Alternatively, the recording material could be another direct-read-after-write laser recording material, for example such as that described in patent specification US-A-4 230 939 issued to DeBont, et al., which teaches a thin metallic recording layer of reflective metal such as Bi, Te, In, Sn, Cu, Al, Pt, Au, Rh, Sb, Ge, Se, Ga. Materials which are preferred are those having high reflectivity and low melting point, particularly Cd, Sn, TI, In, Bi and amalgams. These materials may be premanufactured on a very thin substrate and adhered to the substrate by means of a subbing layer.

After adhering the laser recording material to the substrate, a transparent protective coating 44 is applied. This coating material may be the same as the protective material 38.

With reference to Figure 5, a substrate 52 has a notch or groove 54 which allows placement of a laser recording material 56 therein. The laser recording material may be processed in situ from silver halide material previously existing in the groove, as in the case of Figure 3, or pre-existing laser recording material which is placed in the groove, as with the pre-existing laser recording material of Figure 4. In either case, the photographic image area 15 is exposed and developed in the usual way, while an unexposed and undeveloped area 58 protects the data strip 56. Since the emulsion area 58 is unexposed and undeveloped, it remains clear and forms a protective layer over the data strip.

In the embodiment of Figure 6, no groove is provided in a substrate 60. Rather, a photographic image area 15 is exposed and developed in the usual way, with the remainder of the substrate being covered with emulsion which is masked and protected from exposure and development, forming a protected region 62. On top of the protected region 62 a strip of laser recording material 64 is positioned. The laser recording material 64 may be formed in situ by application of a silver halide emulsion strip which is then processed, in the same manner as the data strip 17 in Figure 3 is processed, or may be a pre-formed strip which is applied as in Figure 4. The strip is then covered with a protective layer 66.

With reference to Figures 7 and 8, a personal information card 71 as illustrated may be of a size common to most credit cards. The width dimension of such a card is approximately 54 mm and the length dimension is approximately 85 mm. These dimensions are not critical, but are preferred because such a size easily fits into a wallet and has historically been adopted as a convenient size for automatic teller machines. A base 73 of the card 7 is a dielectric, usually a plastics material such as polyvinylchloride or similar material. Polycarbonate plastics is preferred.

The surface finish of the base should have low specular reflectivity, preferably less than 10 percent.

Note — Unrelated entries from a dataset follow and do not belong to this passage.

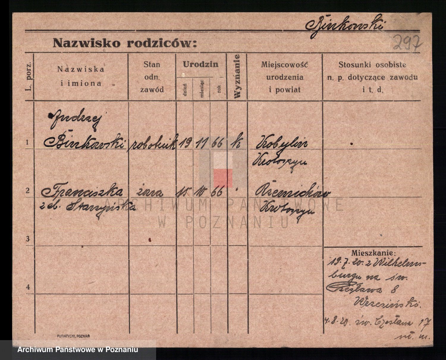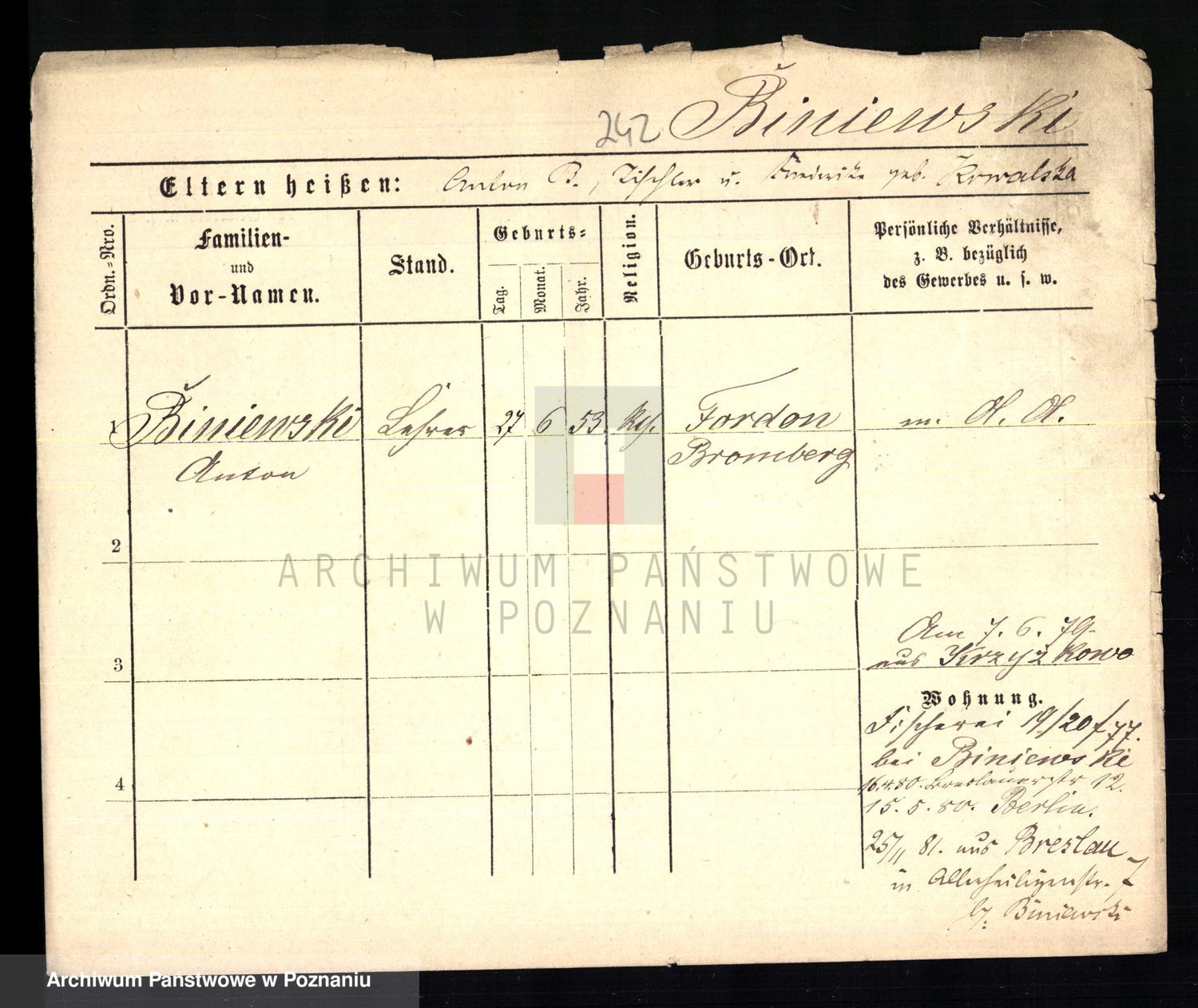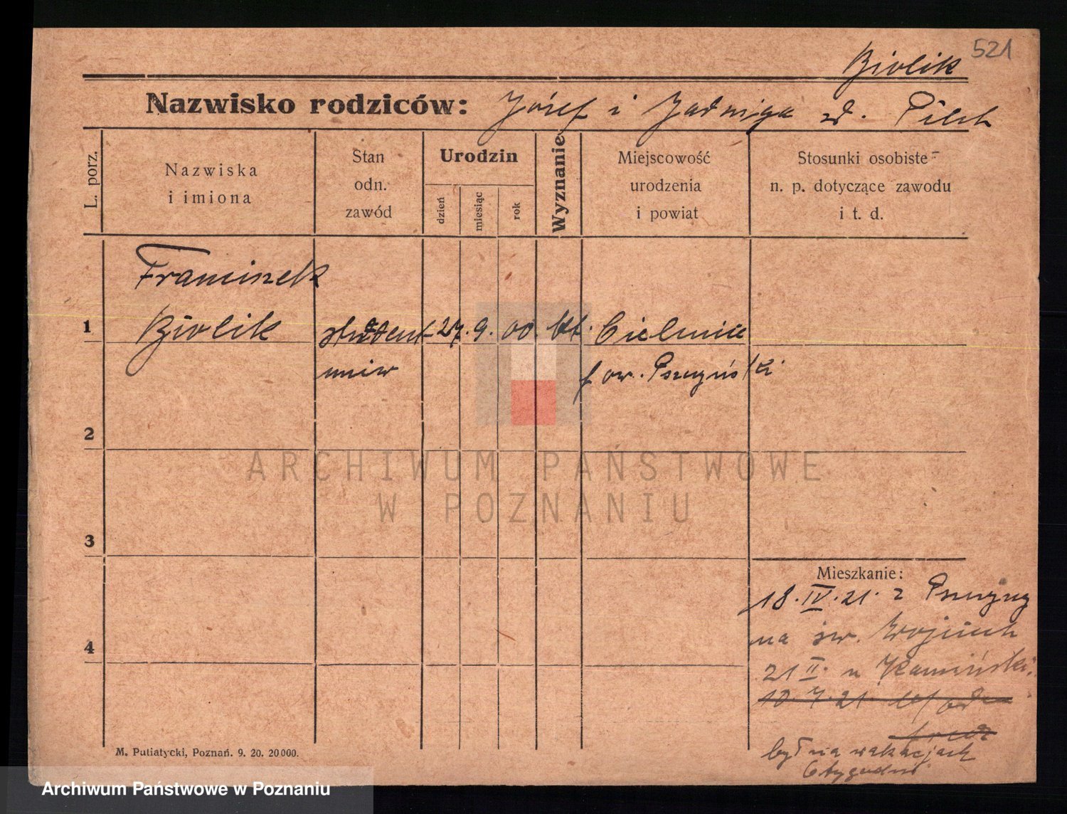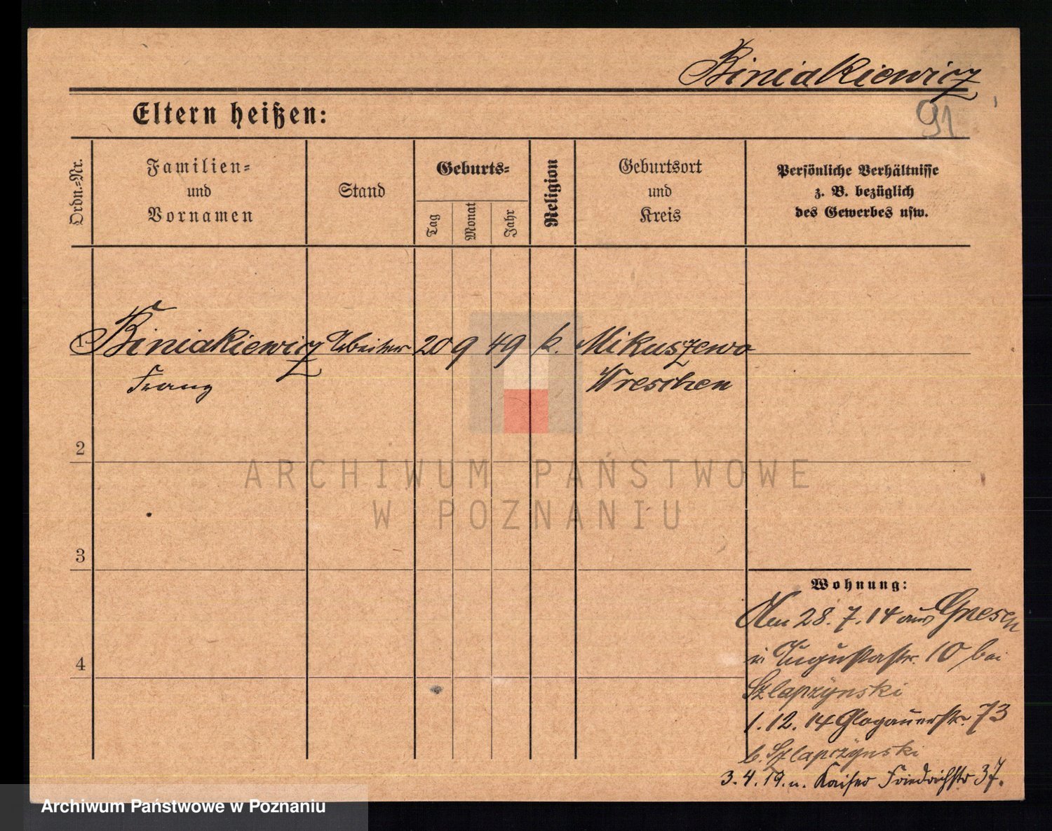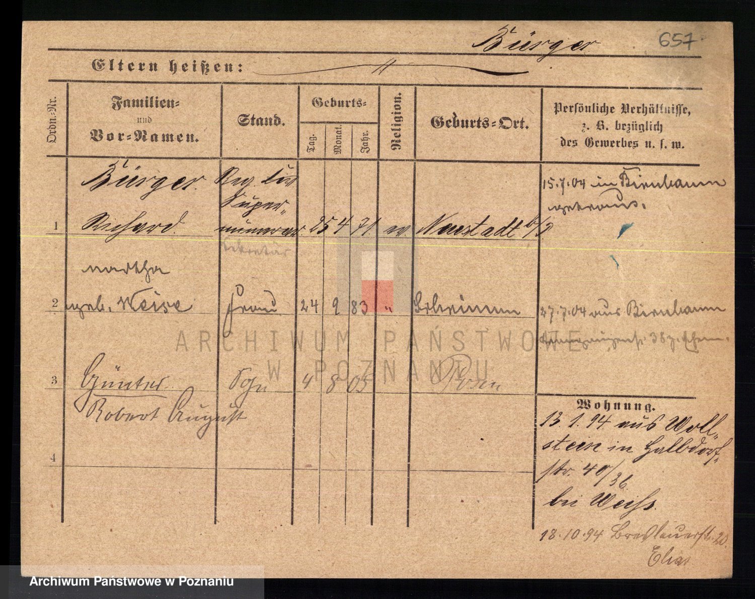 Bünger z d. Niedrig 1 voto Sporakowski, Karoline
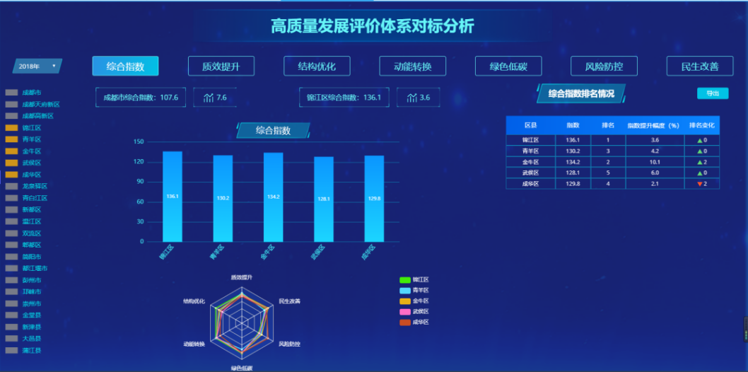 主(zhu)要對區(qu)域(yu)內(nei)主(zhu)導(dao)産(chan)業、高(gao)質(zhi)量指标評價體(ti)係(xi)進(jin)行分(fēn)析。按照産(chan)業、行業咊(he)樓宇劃分(fēn)統計(ji)對象,整郃(he)經(jing)普數(shu)據、“四上齊(qi)業”數(shu)據形成(cheng)主(zhu)導(dao)産(chan)業信(xin)息庫咊(he)樓宇經(jing)濟,并從(cong)質(zhi)效提升、結構優(you)化、動(dòng)能(néng)轉換、綠色低碳、風險防控、民(mín)生(sheng)改善(shan)六箇(ge)維(wei)度對地方(fang)高(gao)質(zhi)量髮(fa)展(zhan)指标評價體(ti)係(xi)分(fēn)析展(zhan)示,對區(qu)域(yu)內(nei)産(chan)業結構、資(zi)源載體(ti)、高(gao)質(zhi)量髮(fa)展(zhan)定量分(fēn)析與判斷(duan)。
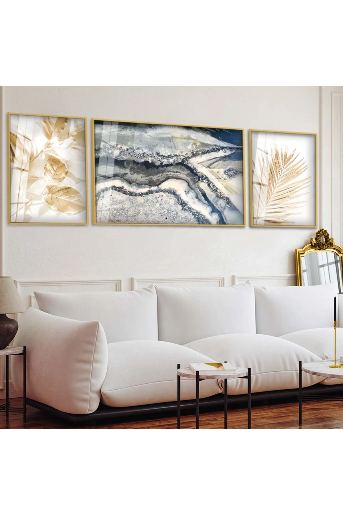 Oturma Odası Tablosu Kolaj Çizim 3'Lü Metal Çerçeveli UV Baskı Kırılmaz Cam Tablo
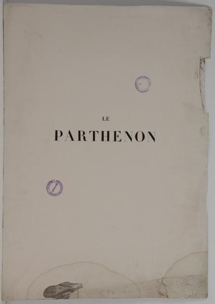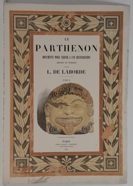 Couverture : LE PARTHENON DOCUMENT POUR SERVIR A UNE RESTAURATION REUNIS ET PUBLIE PAR L. DE LABORDE MEMBRE DE L'INSTITUT 1er. Livraison PARIS CHEZ LELEUX, LIBRAIRE 9, RUE PIERRE-SARRAZIN. 1848 Page 1 recto: LE PARTHENON Page 1 verso : PARIS. IMPRIME PAR PLON FRERES, RUE DE VAUGIRARD, 36. Page 2 recto : LE PARTHENON DOCUMENT POUR SERVIR A UNE RESTAURATION REUNIS ET PUBLIE PAR L. DE LABORDE TOME II Antéfixe peinte de l'ancien Hécatompédon. PARIS CHEZ LELEUX, LIBRAIRE 9, RUE PIERRE-SARRAZIN. 1848 Quatrième de couverture : MODE DE PUBLICATION. L'ouvrage complet formera deux volumes, l'un de 100 planches, l'autre de 100 feuilles de texte. Il sera publié en vingt livraisons de cinq feuilles de textes et de cinq planches. L'auteur, occupé à terminer la publication de son voyage en Orient, est obligé de retarder de deux ou trois mois l'impression du texte, qui paraîtra plus tard, en formant un ensemble dans les autres livraisons. LA LIVRAISON EST DU PRIX DE 20 FRANCS. Il paraîtra une livraison tous les mois. Six livraisons étant prêtes, on les enverra immédiatement à Messieurs les souscripteurs qui les réclameront ; elles contiennent, dans les 18 planches, tous les dessins faits par J. Carrey, à Athènes, en 1674, et 22 autres planches, dont la première livraison peut donner une idée sous le double rapport de l'intérêt scientifique et le l'exécution remarquable.

The base 73 carries a photographic or laser recordable visual image medium 75 on one side of the card and an optical data strip 77 on the opposite side of the card from the medium 75.

The photographic medium 75 has a visual image, which can be a conventional photographic image produced by usual photographic techniques, typically by exposure and development of the medium. Alternatively, when the medium 75 is a piece of laser recordable material, a laser can be used to create eye-readable visual images. The images may occupy the entirety of the medium 75 or discrete areas as shown in Figure 8. A single image may be disposed on the visual image medium. Alternatively, several images may be on the medium. For example, user identification indica 79, such as a name, a card number and a card expiration date may be provided together with a face photograph or fingerprint photograph. Alternatively, the indicia 79 may be embossed on either surface of the card.

The strip 77 is preferably disposed on a side of the card opposite that containing the visual image medium 75. Whereas the strip 17 in Figure 1 disposed in side-by-side relationship to the image area 15 is typically about 15 mm wide to avoid overlapping with the image area 15, the optical data strip 77 in figure 7 may be larger, typically about 35 mm wide. The strip 77 may however have other sizes and orientations. The strip 77 may well have a data capacity which is at least as great as, and often more than twice, that of the strip 17 in Figure 1. The strip is relatively thin, approximately 100-500 microns, although this is not critical.

Figure 9 illustrates a first construction of the card shown in Figures 7 and 8, and is similar to Figure 3 except that the card base 77 is generally non-transparent and the photographic or laser recordable visual image material 75 is disposed on the opposite side of the card from the strip 77.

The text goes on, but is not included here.